Contributed by Morgan Zipf-Meister

 As an actor/lighting designer, I feel like I spend an inordinate amount of time in Tech and/or preparing for Tech.  Some people thrive during that caffeine fueled stretch of time; it fills others with existential dread.  Depending on my role in any given production I've had both of those reactions.  But now with 15 years of Indie Theater under my belt, I’ve learned to appreciate and respect the Tech process.  As both a performer and technician, this is my arsenal of thoughts that stay with me from load-in until final dress and help get me through unscathed (along with my wrench and a roll of gaff tape.) 

Bonedive Scrounger  Photo by Ken Stein

Theater is not an exact science
No matter how well prepared you are going in, no matter if you've accounted for every detail, things will change during Tech.  Doesn't matter whether you’re an actor, a designer, director, or stage manager - something you thought was going to work one way will need to be changed entirely.  So just be ok with that.  Be flexible and . . .

You'll probably like your new choice more than what you planned
Some of my favorite moments from shows that I've worked on have been the result of changes that happened when planned moments crashed and burned.  Creative, elegant, and simple solutions will often present themselves in times when it feels like the walls are closing in and you've get minutes to make it out alive.  Don't be afraid of that.  That being said . . .    

Panic is your enemy
Execution Day  Photo by Ken Meister
Yes, opening night may be in a few hours and the paint is still wet and q's are still being written and that one cast member STILL doesn't know their lines.  Maybe all of your scenes are with that person.  Christ, maybe you are that person.  But panic doesn't help anyone.  Energy spent panicking is better spent actually working on the things you're worried about. So, pull yourself together, make a plan, and execute what you can with calm and grace.  But no matter what . . .

 

There will come a time when you want to punch another member of your team in the face
That's normal, but don't do it.  It won't accomplish anything.  Everyone is stressed out and running on fumes.  And honestly the worker's comp paperwork takes a long time and I'm sure you have other things you could be working on.

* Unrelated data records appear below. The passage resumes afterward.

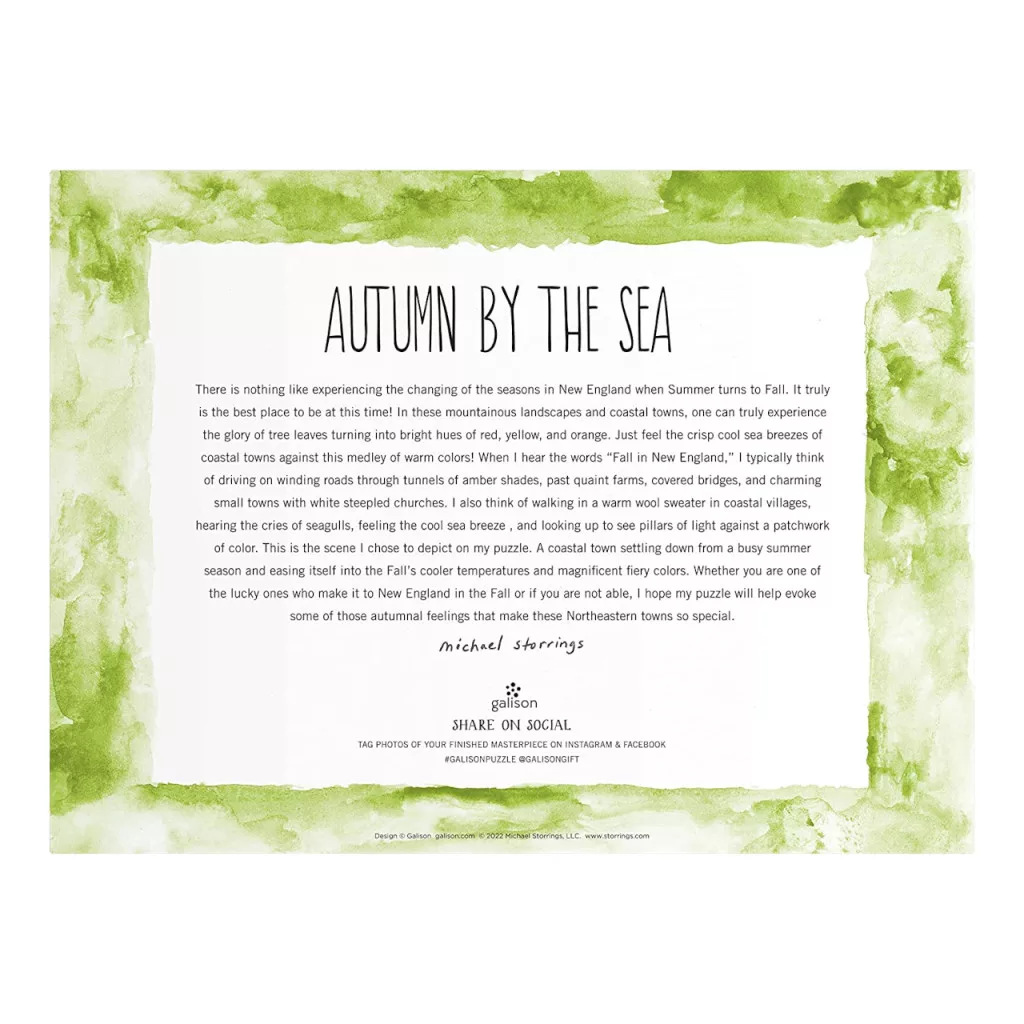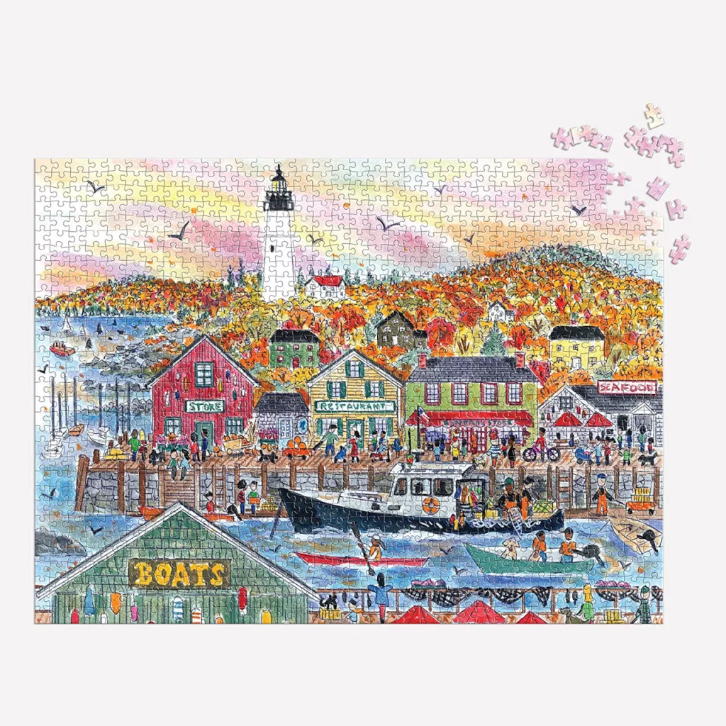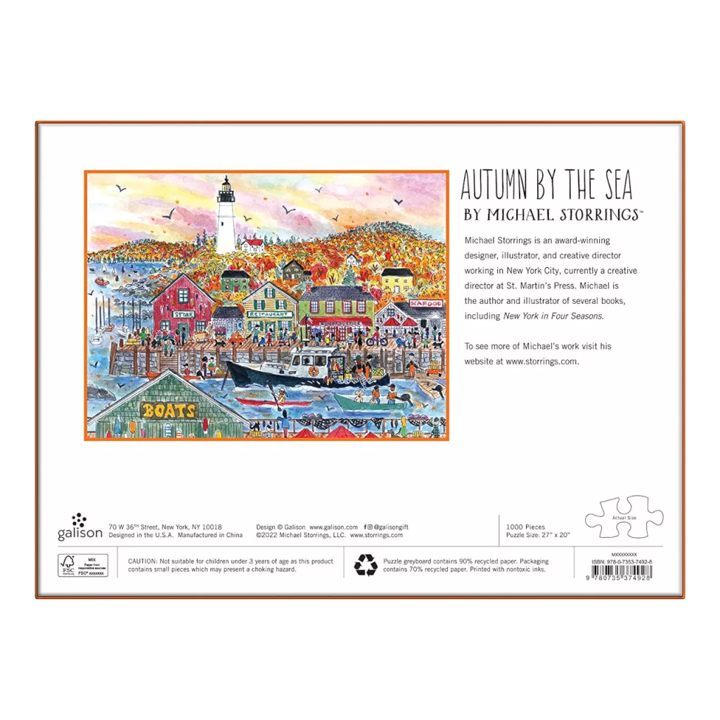 Ez a puzzle egy őszi hangulatú tengerparti várost mutat be Michael Storrings illusztrációján. A meleg színek és részletek segítenek ellazulni és kiszakadni a mindennapokból.
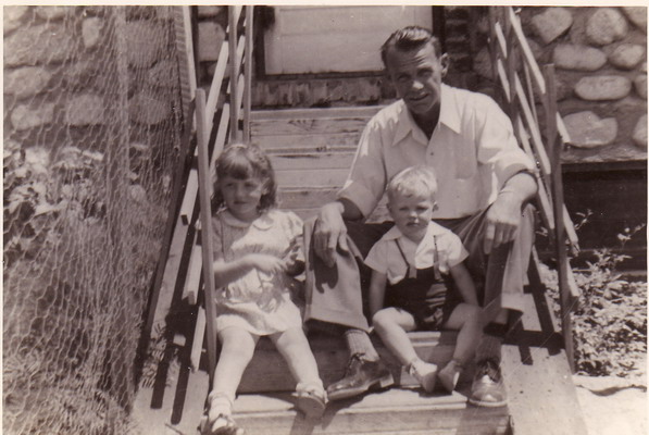 Charlene with her brother Bill and father John Jay Codori. Taken in Cucamonga, Calif. 1944
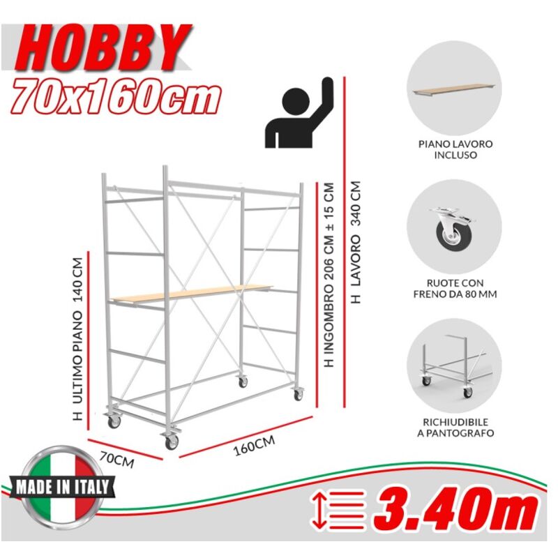 L' acquisto comprende 1 base 160x70 cm (ingombro) 1 campata h 180 cm (2 spalle + 2 correnti + 4 diagonali) 1 semipiano in betulla (160x29 cm) 4 ruote girevoli in gomma nera corredate di freno da 80 mm Per l'utilizzo hobbistico e per il fai da te. Trabattello in acciaio zincato elettrolitico. Facilissimo da montare e smontare. Smontando l'asta laterale può passare attraverso porte e corridoi. Maneggevole grazie alle sue campate da 180 cm. Poco ingombrante, leggero e sicuro. Corredato di 4 ruote diametro 80 mm. Clicca qui e scopri cos'è la zincatura elettrolitica, come funziona e come protegge i trabattelli in acciaio Principali altezze Altezza ingombro Ultimo piano Lavoro con operatore 2,20 m 1,40 m 3,40 m Sfilando l'apposita asta alla base, è possibile richiudere il trabattello perché occupi il minimo spazio e per farlo passare agevolmente attraverso porte e corridoi (immagini indicative delle funzionalità)
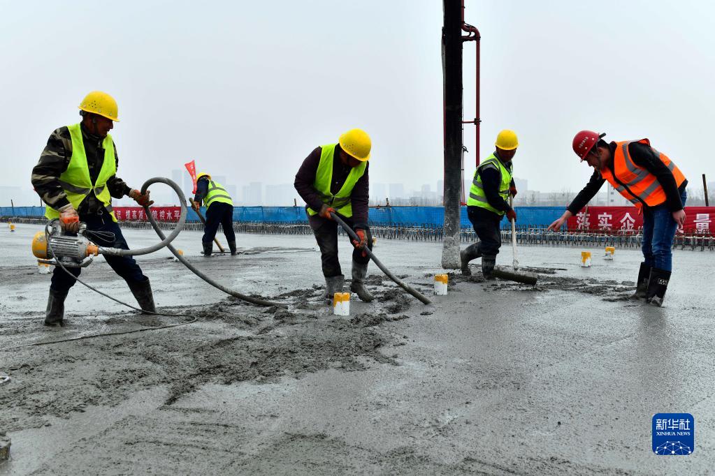 3月16日,中铁十局工作人员在济莱高铁历城站特大桥进行道岔现浇梁浇筑作业。
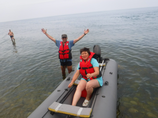 К нам подъехали ещё двое друзей. Накатались на лодочке, даже в 3 км от берега умудрились попасть в грозу. Волна на Байкале поднимается мгновенно. Причём не та длинная ленивая волна, на которой можно ходить до метра, а именно короткая штормовая, опасная для небольших лодок. Но даже на короткой волне Братан идёт вполне сносно примерно до 70 см. Последующие дни баню делали в пятнашке. Просто перенесли Мегу в неё, а Согру поставили в Р-436. Дамы соревновались в кулинарии. Жена друга Оксана мало того, что любит баню и парится круче всех мужиков, ещё и делает фирмовые оладьи. Шикардос работал все дни и также приготовил нам массу блюд.
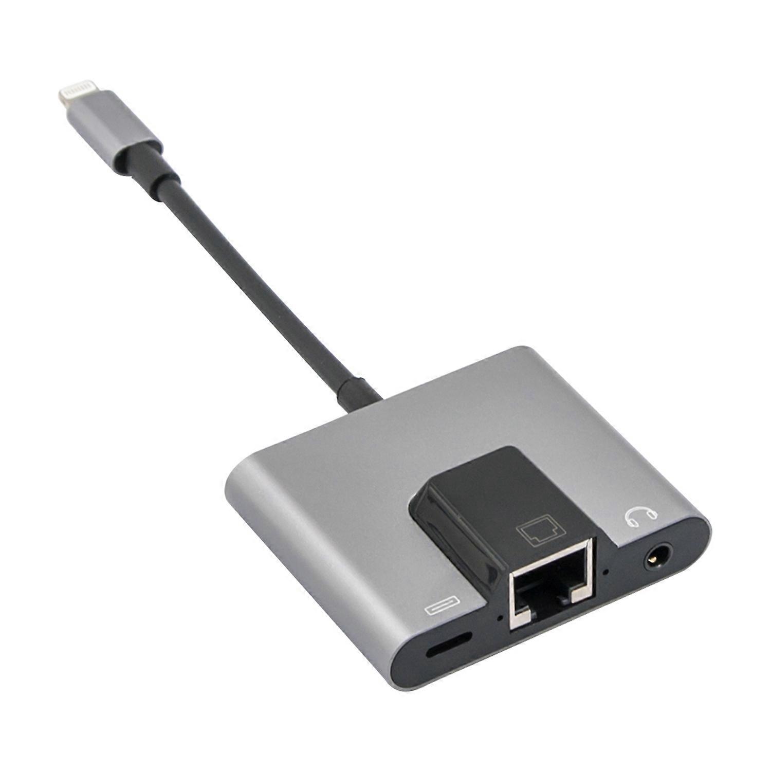 NK-1056 3 in 1 8 Pin Male to 8 Pin Charging + RJ45 Ethernet + 3.5mm Earphone Female Adapter
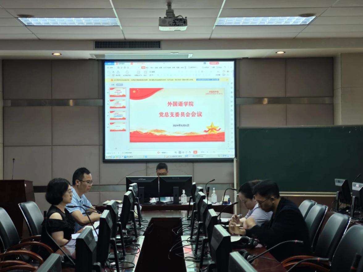 本网讯(记者 李彩兰)6月6日下午,外国语学院党总支在A6-213召开总支委员会会议,通报预备党员转正事宜,传达上级文件精神,以及学校党委组织部对我院补选总支委员和学生党支部调整及补选委员结果的批复。
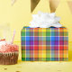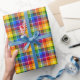Gift-omslutning med en ljusstark flerfärgad, plaid mönster. En originalplan för tartan.
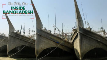 নদী পাড়ে নিভু নিভু প্রদীপের মতো শুধু দুটি নৌকা ভাঙার কারখানা টিকে আছে শত বছরের পুরোনো ব্যবসার ঐতিহ্য ধারণ করে।
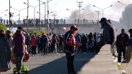 Las imágenes muestran a manifestantes con banderas Wiphala reunidos en el lugar y bloqueando el camino con barricadas en llamas.
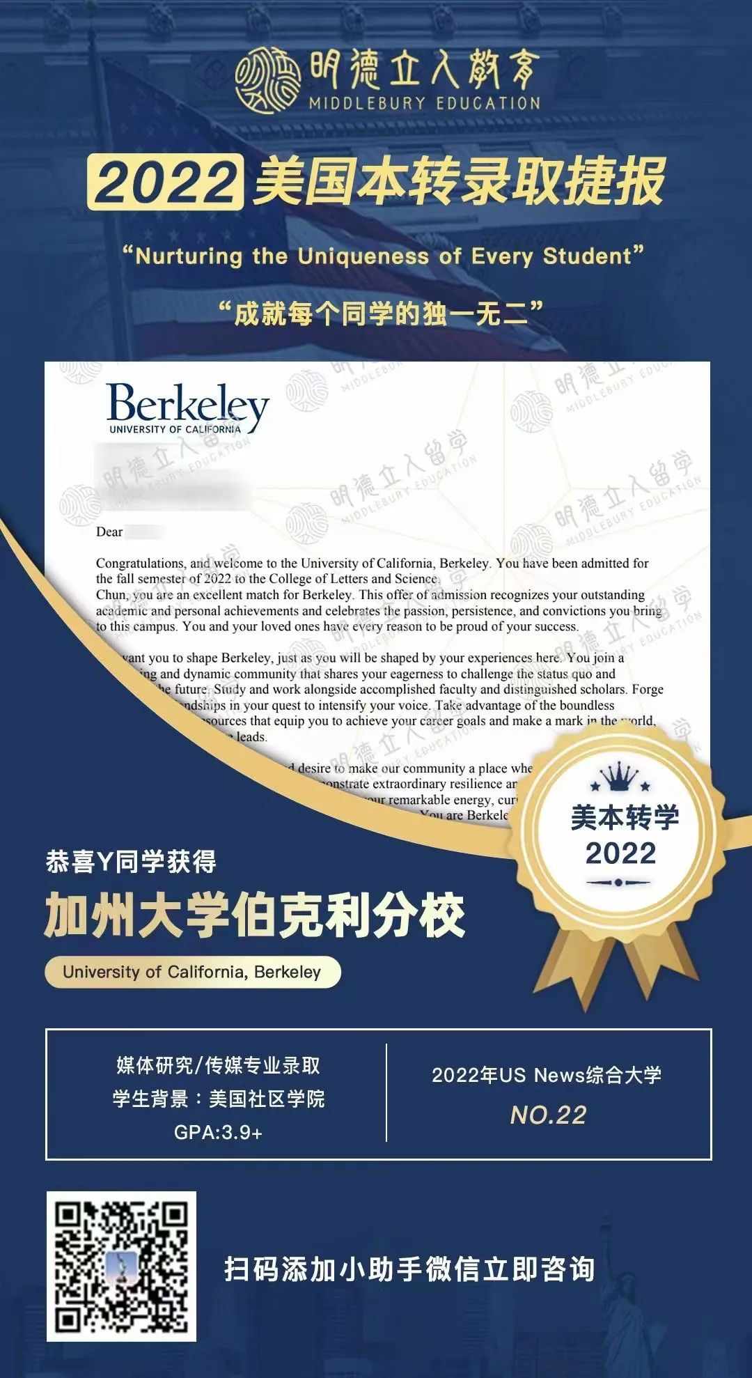 1枚加州大学伯克利分校(UCB)转学Offer!

Seriously, you have to eat
Coffee and cigarettes are not food.  I don't care how much work is left.  Taking a break to eat a real meal is always worth it, because humans need food for life.  Fact. 

Bake for people... or something

I bake.  That's my thing.  It's not my job to do that - but there are lots of little tasks during tech that aren't any one's person job.  If you're going to the deli - see if anyone wants anything.  If you find yourself with a few extra moments - pick up a paintbrush or fold programs. These little acts of kindness benefit the show.   Because . . .
  Greencard Wedding  Photos by Kacey Stamats

It isn't all about you
Every show you work on, a specific group of artists were brought together because of what they bring to the table.  Tech is about the PRODUCTION, which is bigger than any one element.  So yes, bring up your concerns - if you're an actor who is uncomfortable in your costume, or a director who hates the gel color, don't sit on that information.  But also give your teammates the benefit of the doubt.  Something that isn't working for you could be a very key element in another way you're unaware of.  Work together to solve problems, and remember the whole is more than a sum of its parts.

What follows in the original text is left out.